Although pictures appear in the entries below, leave them out and print exactly the lines from the first line through the line containing "照片說明：行經建築物，確實保護頭部".

Records from a collection:
================================

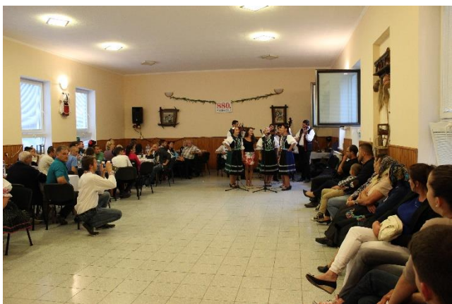
Obrázok 7 Večerná zábava na 880. výročí obce

Oblasť športu v našej obci reprezentuje Telovýchovná jednota TJ Čabrad-Dolný Badín založená v roku 1976, ktorá dodnes reprezentuje aj našu obec v oblastnej futbalovej súťaži. Pre zdravý životný štýl a vyplňanie voľnočasových aktivít nielen detí bolo v roku 2005 vybudované multifunkčné ihrisko s antukovým povrchom, kde sa usporadúvali rôzne súťaže v tenise, nohejbale a volejbale. V zimnom období sa na ihrisku vytvárala umelá ľadová plocha. V rokoch 2012 a 2013 obec usporiadala oblastnú súťaž v ľadovom hokeji. V roku 2014 bolo ihrisko zrekonštruované pokládkou umelej trávy. V zimnom období sa v interiéroch obecných budov usporadúvajú turnaje v stolnom tenise ako aj regionálny mariášový turnaj.
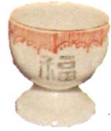
杯子 bi \ e \
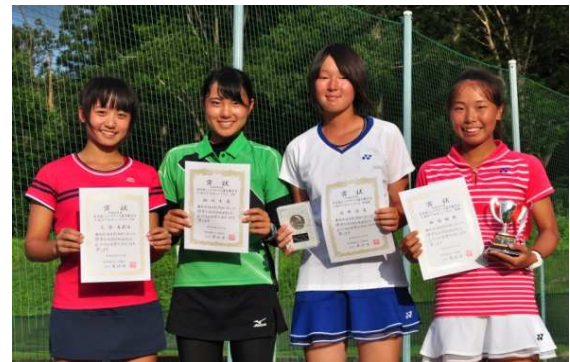
16歳以下女子シングルス
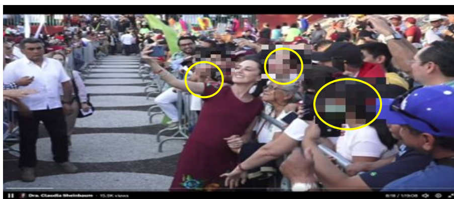
Imagen 6 Minuto 8:18

*Cuyo rostro fue difuminado por esta autoridad y así salvaguardar su imagen.
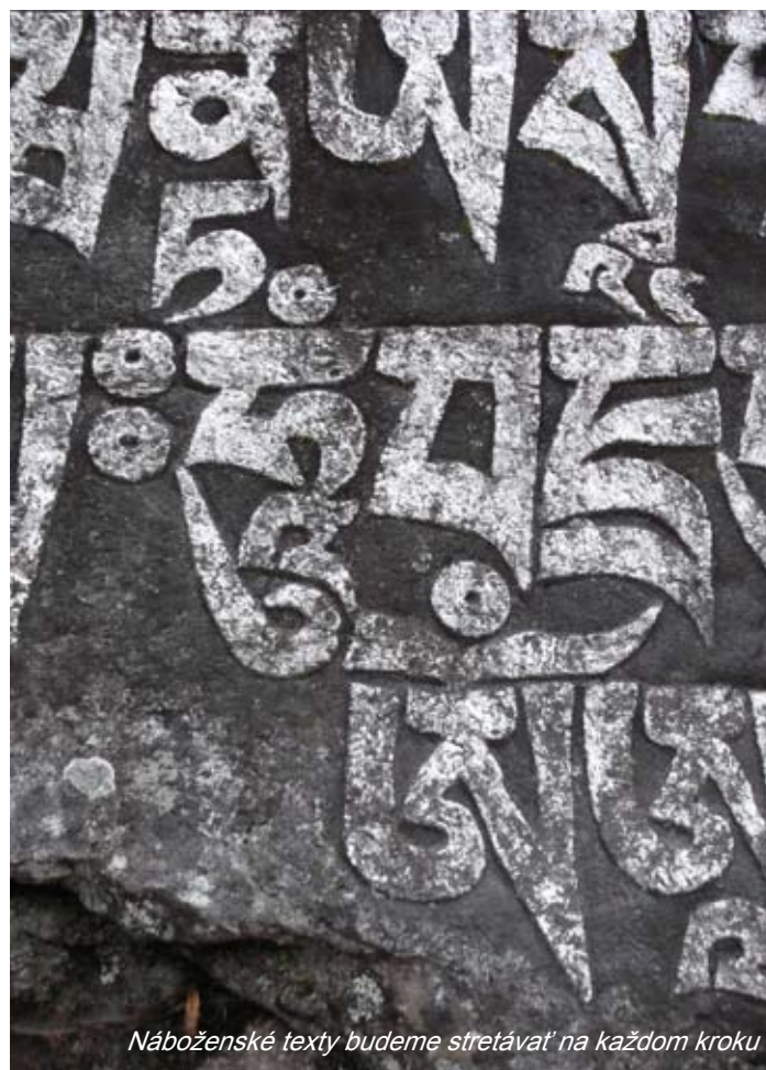
Náboženské texty budeme stretávať na každom kroku

Elektrické napätie i zásuvky sú rôzne, ale vždy aspoň jedna rovnaká ako u nás, nebudete teda potrebovať žiadne špeciálne zariadenia alebo adaptéry na nabíjanie mobilu, prípadne fotoaparátu.
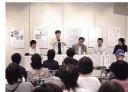
企画展のパネルディスカッション
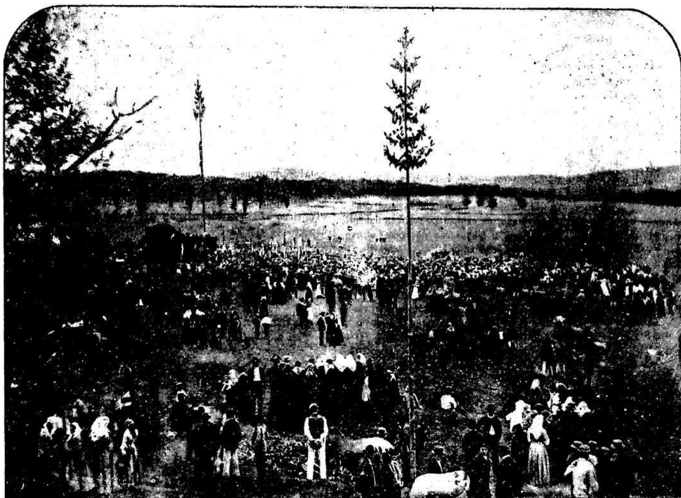
Slika s tabora.
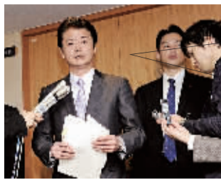
12月27日,在日本首都东京,日本外相玄叶光一郎在日本政府决定大幅放宽武器出口后在其官邸接受记者采访。

日本政府27日召开安全会议,同意放宽武器出口限制,允许日本参与武器研发和生产的国际合作以及以人道与和平为原则的国际援助。内閣官房长官藤村修说,放宽武器出口限制后,日本政府将通过约定等方式,严格管理武器出口,以避免违背初衷的其他用途。
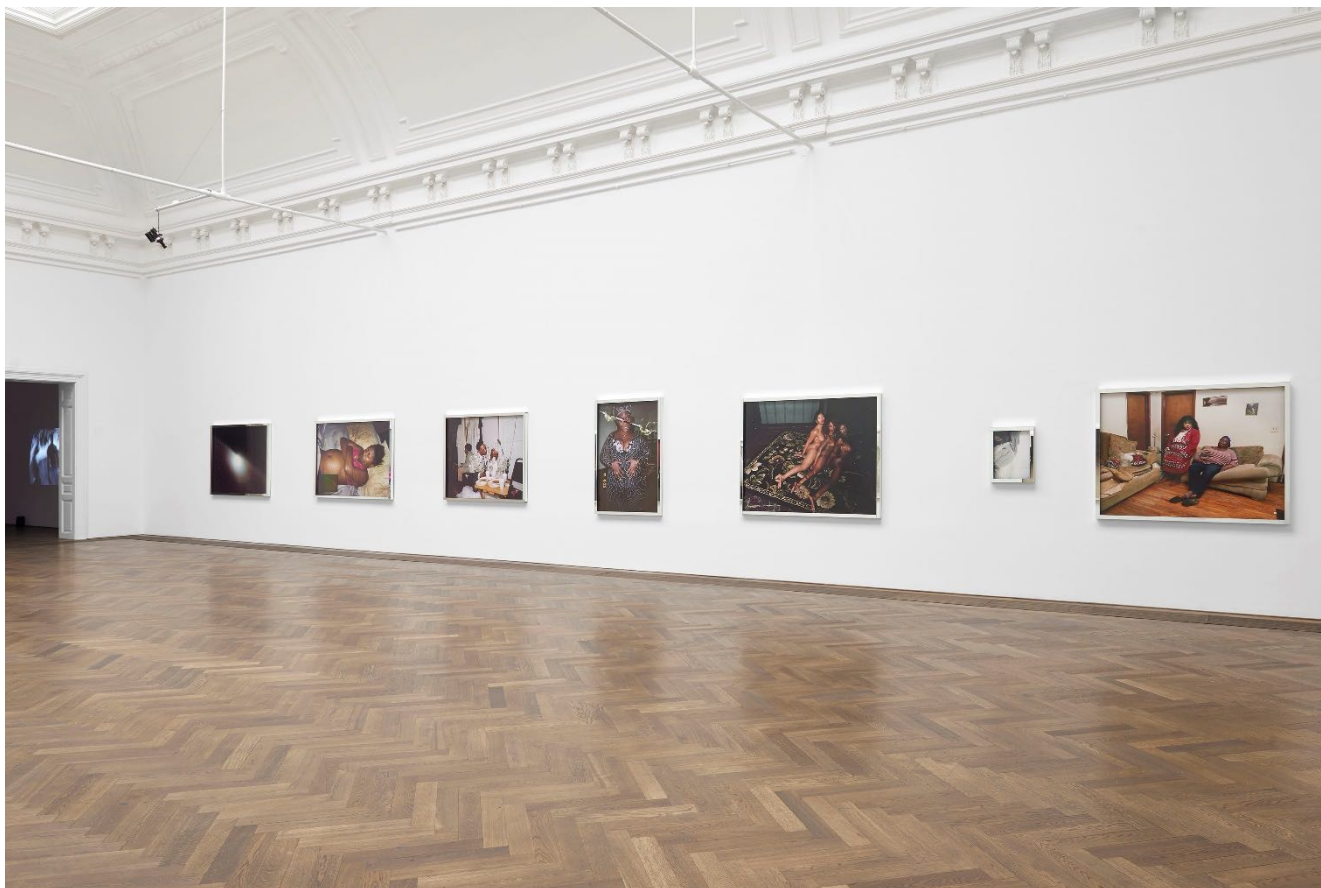
Deana Lawson, Installationsansicht, Centropy , Kunsthalle Basel, 2020. Deana Lawson, installation view, Centropy , Kunsthalle Basel, 2020.
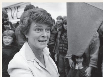
I VINDEN: Gro Harlem Brundtland var med på banke gjennom Alta-utbygginga. Her fra et besøk i Finnmark under Alta-striden.

Under Alta-saken var Arbeiderpartiets Gro Harlem Brundtland, først miljøvernminister, og fra 1981 statsminister. I ettertid skal «landsmoderen» overfor ulike medier media ha sagt at kraftutbyggingen i Alta var unødvendig.
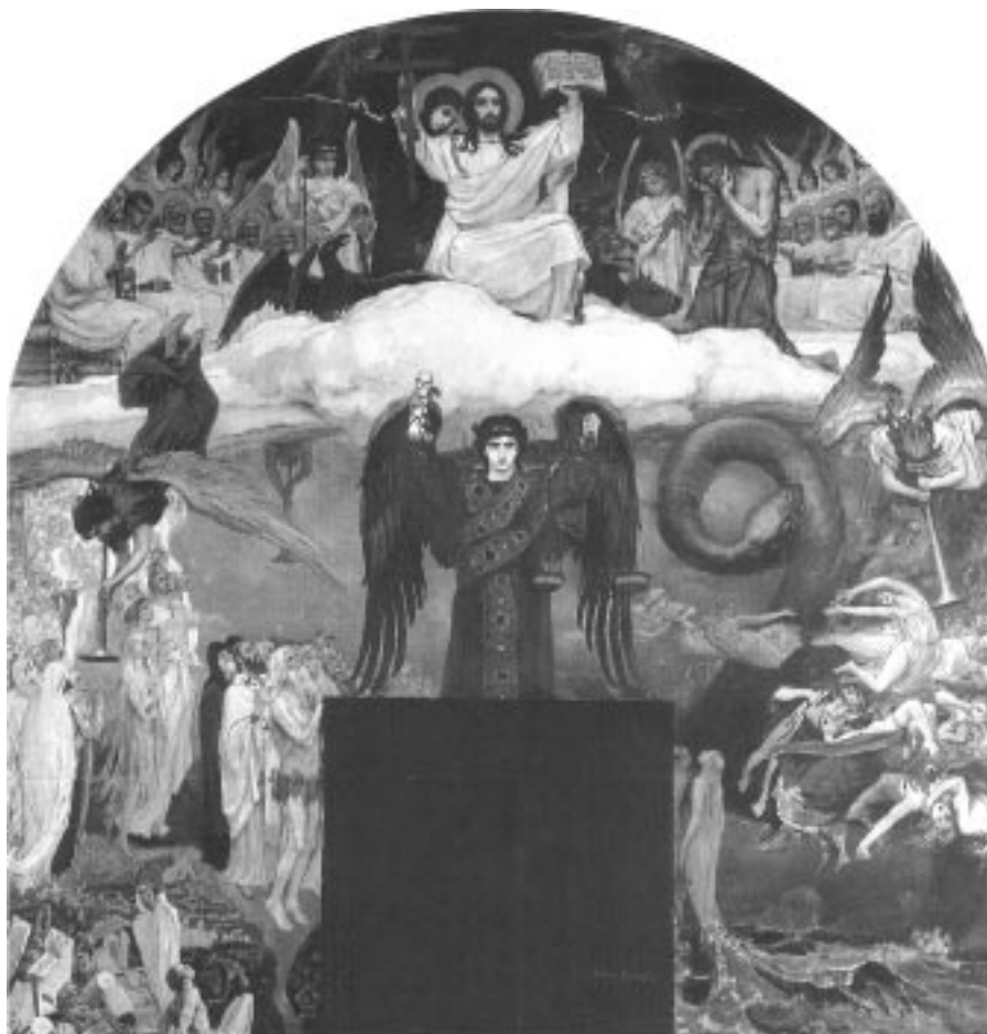
В.М. Васнецов. Страшный суд. Эскиз росписи для Владимирского собора в Киеве. ГТГ

Отметим, что православная иконография разнообразно разработала тему Последнего Суда, сначала в символическом сюжете о пастыре, отделяющем овец от козлиц (храм святого Аполлинария в Равенне, пригл. 520 г.), а позднее – реалистически изображая Христа, являющегося «на облацах» и сидящего на Престоле среди апостолов, чтобы судить живых и мертвых, которых будит труба Архангела (Собор в Торчелло, XI в.).
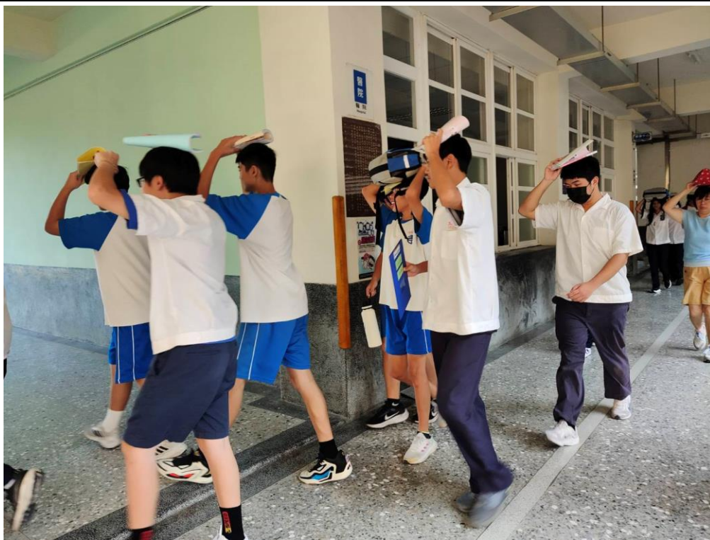
照片說明：行經建築物，確實保護頭部
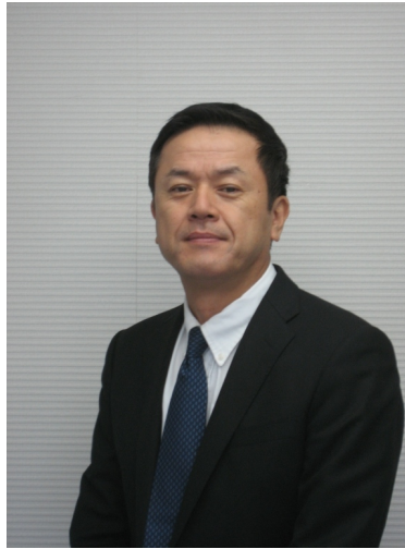
สารจากประธานกรรมการ ประจำปี 2021
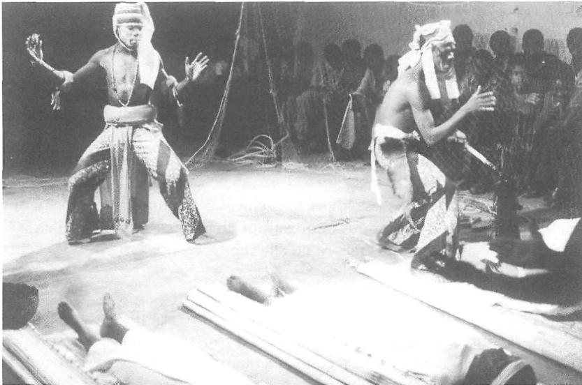
« Réveil des morts ».

Mon père, mon père, Tu m'as donné des bras, tu m'as donné des jambes, Tu m'as donné une hache, Tu m'as montré le chemin, Mais tu es parti errer, me laissant seul.
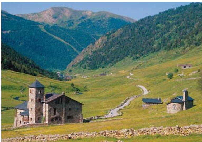
La Val d'Incles, Andorra.
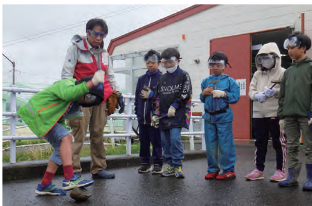
ノジュール割りに挑戦する3、4年生たち

すべての参加者は、自分で採集した化石や博物館が別途収集していた化石を使ってクリーニング体験を行いました。
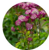
Astrantia major 'Star of Beauty' Grande astrance
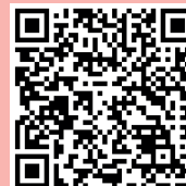
Fragebogen zur Lebensqualität
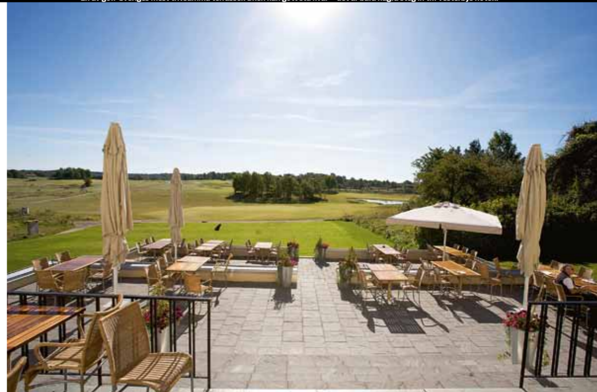
En av golf-Sveriges mest trivsamma terrasser. Bilen kan gott stå kvar – det är bara några steg in till Vesterbys hotell.

Ett par 5-hål som kan nås på två av den långt-slående som lyckas navigera de många hinder som finns längs vägen. Ge dock inte en eventuell eagleputt för mycket fart, det kan bli långt tillbaka upp på green.
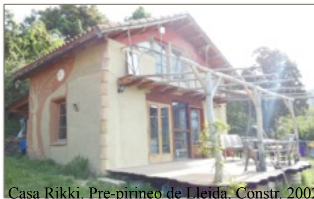
Casa Rikki. Pre-pirineo de Lleida. Constr. 2002
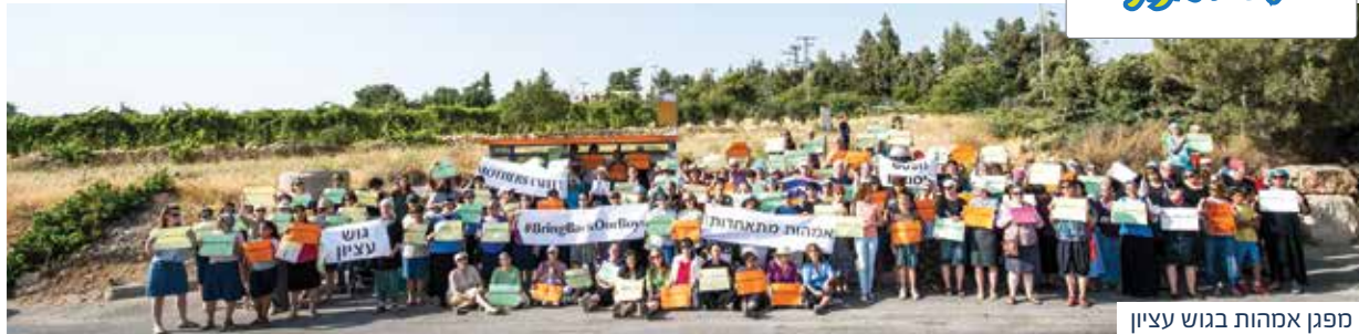
מפגן אמהות בגוש עציון
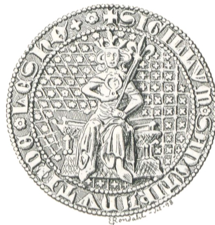
Fig. 17. Læsø (c. 1350).
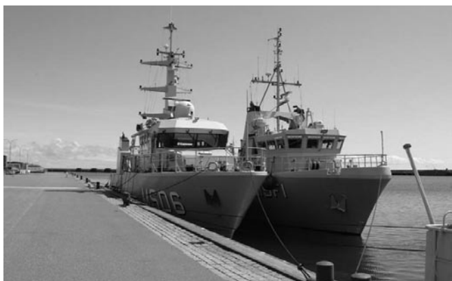
Fregatt(er) i Kattegatt.

Besöket i marinbasen började med att vi fick bekanta oss med en helt ny simuleringsanläggning. Där vi fick öva oss i att framföra fartyg till sjöss utan att köra på andra fartyg, broar eller oljeplattformar. Därefter fick vi gå ut till hamnområdet och se hu-
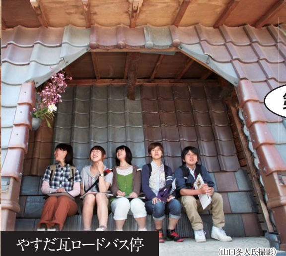
やすだ瓦ロードバス停
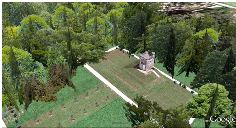
Das Schlangenhaus und der umgebende Garten im Luisium in Ansichten um 1800, 1818 und 2010
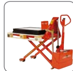
Positioneringsudstyr (ekstra udstyr) sikrer en konstant arbejds højde.
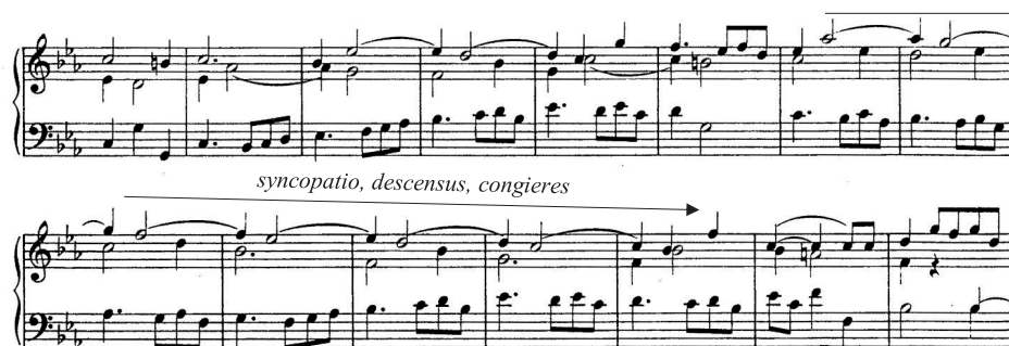
12 pav. Sonata „Jokūbo mirtis ir laidotuvės“, IV d. „Išlikusiųjų paguostos sielos“, 41–66 t.

Tiesa, pozityvią šios kompozicijos eigą kartkartėmis sudrumsčia besileidžiančios krypties ( descensus ) melodinės užtūros ( syncopatio ), suformuojančios besikeičiančias konsonansų (sektų) ir disonansų (septimų) sankaupas, taigi MRF congieres (12 pav.).
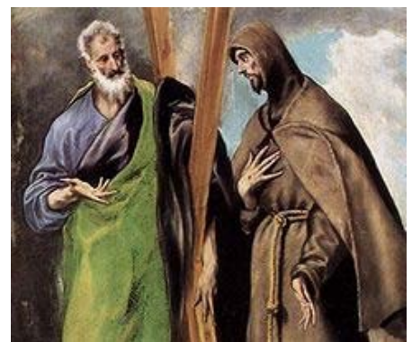
Detalle de San Andrés y San Francisco
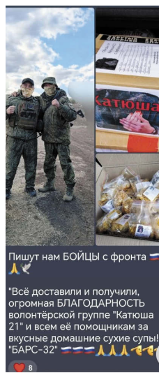
Пишут нам БОЙЦЫ с фронта "Всё доставили и получили, огромная БЛАГОДАРНОСТЬ волонтерской группе "Катюша 21" и всем её помощникам за вкусные домашние сухие супы!" "БАРС-32"

Очень радуют женщин отклики бойцов, которые регулярно пишут в сообщество. «После ваших отзывов открывается второе дыхание!» – отвечают ребятам женщины.
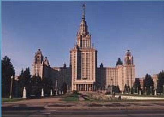
Здание МГУ. им М. Ломоносова.

Москва- столица Российской Федерации. Год основания- 1147 год. Основатель - Юрий Долгорукий.
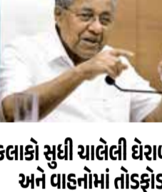
કલાકો સુધી ચાલેલી ઘેરાબંધી અને વાહનોમાં તોડફોડ કેન્દ્રીય એજન્સીના દરોડાના સમાચાર વાયુવેગે સમગ્ર વિસ્તારમાં ફેલાઈ જતાં જ મોટી સંખ્યામાં પક્ષના ઉચ્ચેચેલા સમર્થકો અને ડબેરી સંગઠનોના કાર્યકરો પૂર્વ મુખ્યમંત્રીના ઘરની બહાર એકઠા થઈ ગયા હતા અને વિરોધ પ્રદર્શનો શરૂ કર્યા હતા. બપોરે ૧:૩૦ વાગ્યેની આસપાસ જ્યારે તપાસ અધિકારીઓની ટીમ પોતાની કાર્યવાહી પૂર્ણ કરીને ઘરની બહાર નીકળી, ત્યારે ત્યાં હાજર હિંસક ભીડ તેમને ચારેય તરફથી ઘેરી લીધા હતા.

(એજન્સી) તિરુવનંતપુરમ । તા. 27 દક્ષિણ ભારતના કેરળ રાજ્યમાં કેન્દ્રીય તપાસ એજન્સીની કાર્યવાહીને પગલે કાયદો અને વ્યવસ્થાની સ્થિતિ અત્યંત ગંભીર અને ચિંતાજનક બની ગઈ છે. કેરળના પૂર્વ મુખ્યમંત્રી પિનરાઈ વિજયનના કથિત સમર્થકો અને પક્ષના કાર્યકરો દ્વારા એન્ફોર્સમેન્ટ ડિરેક્ટોરેટ એટલે કે ઇડીની તપાસ ટીમ પર હિંસક હુમલો કરવામાં આવ્યો હોવાની ચોકાવનારી ઘટના સામે આવી છે. નાણાકીય હેરાફેરી અને કાળા નાણાંના વ્યવહારોની તપાસના સંદર્ભમાં ઇડીની ૧૨ સભ્યોની એક વિશેષ ટીમ વહેલી સવારે ૭ વાગ્યે તિરુવનંતપુરમના પ્રખ્યાત બેકરી જંકશન સ્થિત પૂર્વ મુખ્યમંત્રીના સત્તાવાર નિવાસસ્થાન સહિત અન્ય ૧૦ મહત્વપૂર્ણ સ્થળોએ સામૂહિક દરોડા પાડવા માટે પહોંચી હતી. આ આકસ્મિક કાર્યવાહી દરમિયાન પૂર્વ મુખ્યમંત્રી અને તેમનો પરિવાર ઘરમાં જ હાજર હતો.

================================

Answer for the task:
Obrázok 7 Večerná zábava na 880. výročí obce

Oblasť športu v našej obci reprezentuje Telovýchovná jednota TJ Čabrad-Dolný Badín založená v roku 1976, ktorá dodnes reprezentuje aj našu obec v oblastnej futbalovej súťaži. Pre zdravý životný štýl a vyplňanie voľnočasových aktivít nielen detí bolo v roku 2005 vybudované multifunkčné ihrisko s antukovým povrchom, kde sa usporadúvali rôzne súťaže v tenise, nohejbale a volejbale. V zimnom období sa na ihrisku vytvárala umelá ľadová plocha. V rokoch 2012 a 2013 obec usporiadala oblastnú súťaž v ľadovom hokeji. V roku 2014 bolo ihrisko zrekonštruované pokládkou umelej trávy. V zimnom období sa v interiéroch obecných budov usporadúvajú turnaje v stolnom tenise ako aj regionálny mariášový turnaj.
杯子 bi \ e \
16歳以下女子シングルス
Imagen 6 Minuto 8:18

*Cuyo rostro fue difuminado por esta autoridad y así salvaguardar su imagen.
Náboženské texty budeme stretávať na každom kroku

Elektrické napätie i zásuvky sú rôzne, ale vždy aspoň jedna rovnaká ako u nás, nebudete teda potrebovať žiadne špeciálne zariadenia alebo adaptéry na nabíjanie mobilu, prípadne fotoaparátu.
企画展のパネルディスカッション
Slika s tabora.
12月27日,在日本首都东京,日本外相玄叶光一郎在日本政府决定大幅放宽武器出口后在其官邸接受记者采访。

日本政府27日召开安全会议,同意放宽武器出口限制,允许日本参与武器研发和生产的国际合作以及以人道与和平为原则的国际援助。内閣官房长官藤村修说,放宽武器出口限制后,日本政府将通过约定等方式,严格管理武器出口,以避免违背初衷的其他用途。
Deana Lawson, Installationsansicht, Centropy , Kunsthalle Basel, 2020. Deana Lawson, installation view, Centropy , Kunsthalle Basel, 2020.
I VINDEN: Gro Harlem Brundtland var med på banke gjennom Alta-utbygginga. Her fra et besøk i Finnmark under Alta-striden.

Under Alta-saken var Arbeiderpartiets Gro Harlem Brundtland, først miljøvernminister, og fra 1981 statsminister. I ettertid skal «landsmoderen» overfor ulike medier media ha sagt at kraftutbyggingen i Alta var unødvendig.
В.М. Васнецов. Страшный суд. Эскиз росписи для Владимирского собора в Киеве. ГТГ

Отметим, что православная иконография разнообразно разработала тему Последнего Суда, сначала в символическом сюжете о пастыре, отделяющем овец от козлиц (храм святого Аполлинария в Равенне, пригл. 520 г.), а позднее – реалистически изображая Христа, являющегося «на облацах» и сидящего на Престоле среди апостолов, чтобы судить живых и мертвых, которых будит труба Архангела (Собор в Торчелло, XI в.).
照片說明：行經建築物，確實保護頭部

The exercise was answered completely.